Nicht nur die höheren Temperaturen, sondern auch die stärkere Sonneneinstrahlung kann im Hochsommer eine zusätzliche Herausforderung darstellen. Auch wenn die Sonne noch hoch am Himmel steht, können Footballspieler geblendet und somit in ihrer Sicht beeinträchtigt werden. Denn die Reflektion der Sonne auf der schweißgebadeten Haut der Wangen kann ausreichen, um die Übersicht auf dem Feld oder den Blick nach dem Football zu erschweren. Lösungen gibt es hierzu in verschiedenen Formen. Beispielsweise als schwarze und dadurch Licht absorbierende Aufkleber, den so genannten „No Glare Strips“, die unterhalb der Augen angebracht werden. Diese sollten unbedingt aufgeklebt werden, bevor die Haut bereits stark schwitzt, da sie sonst nur schwer haften. Auch die durch einen Stift aufgetragene Farbe kann die Haut unterhalb der Augen schwärzen und somit unangenehme Reflexionen verhindern. Die von Footballspielern bekannten Streifen unterhalb der Augen haben also, wie vielen Football-Laien unbekannt, nicht (nur) den Effekt, als „Kriegsbemalung“ Gegenspieler einzuschüchtern.
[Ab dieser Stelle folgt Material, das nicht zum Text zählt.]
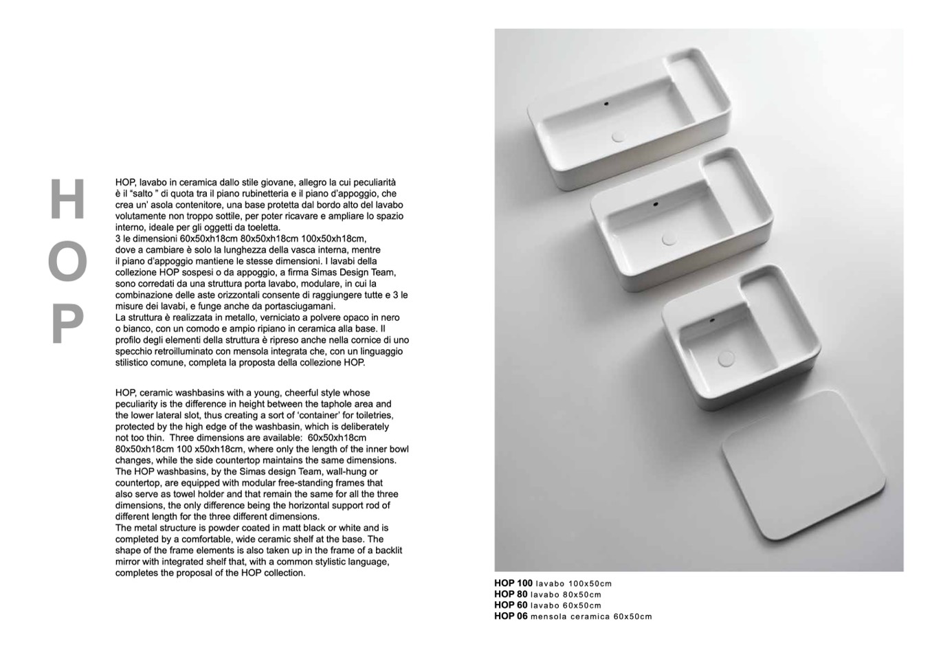 The HOP washbasins, by the Simas design Team, wall-hung or
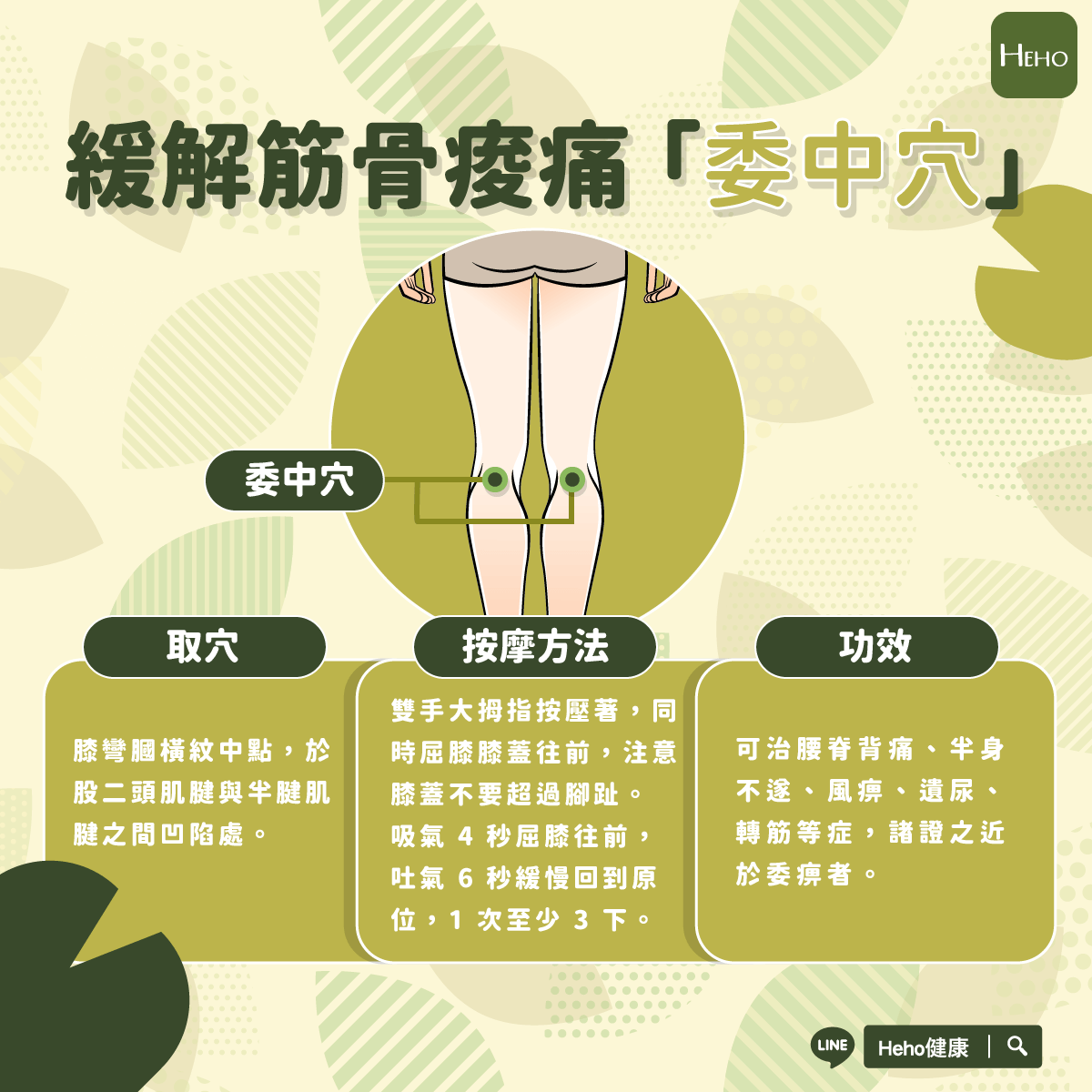 除此之外,筋骨痠痛也可以透過居家保養來緩解,他建議,多多按摩「委中穴」就能舒緩腰髖下肢的筋骨關節痠痛。委中穴是足太陽膀胱經「合穴」屬土及膀胱經的「隙穴」,臨床上以委中穴治療腰痠背痛,甚至雙膝酸軟極有效。

Abschließend können Footballspieler ihre Ausrüstung auch leicht ergänzen, um einen besseren Grip am Ball zu erhalten. Große Hitze kann die Innenfläche der Handschuhe geradezu austrocknen lassen. Und vor allem der an heißen Tagen entstehende Staub des Spielfeldes lässt die Handschuhe durch eine feine Staubschicht stark an Griffigkeit einbüßen. Abhilfe verschafft hier das so genannte „Field Towel“. Dieses kleine, längliche Handtuch wird an der Hose getragen und an heißen Tagen regelmäßig mit Wasser leicht befeuchtet. Denn so können die Innenflächen der Handschuhe auch zwischen Spielzügen schnell abgewischt und dadurch die Griffigkeit für den nächsten Ballkontakt stark verbessert werden.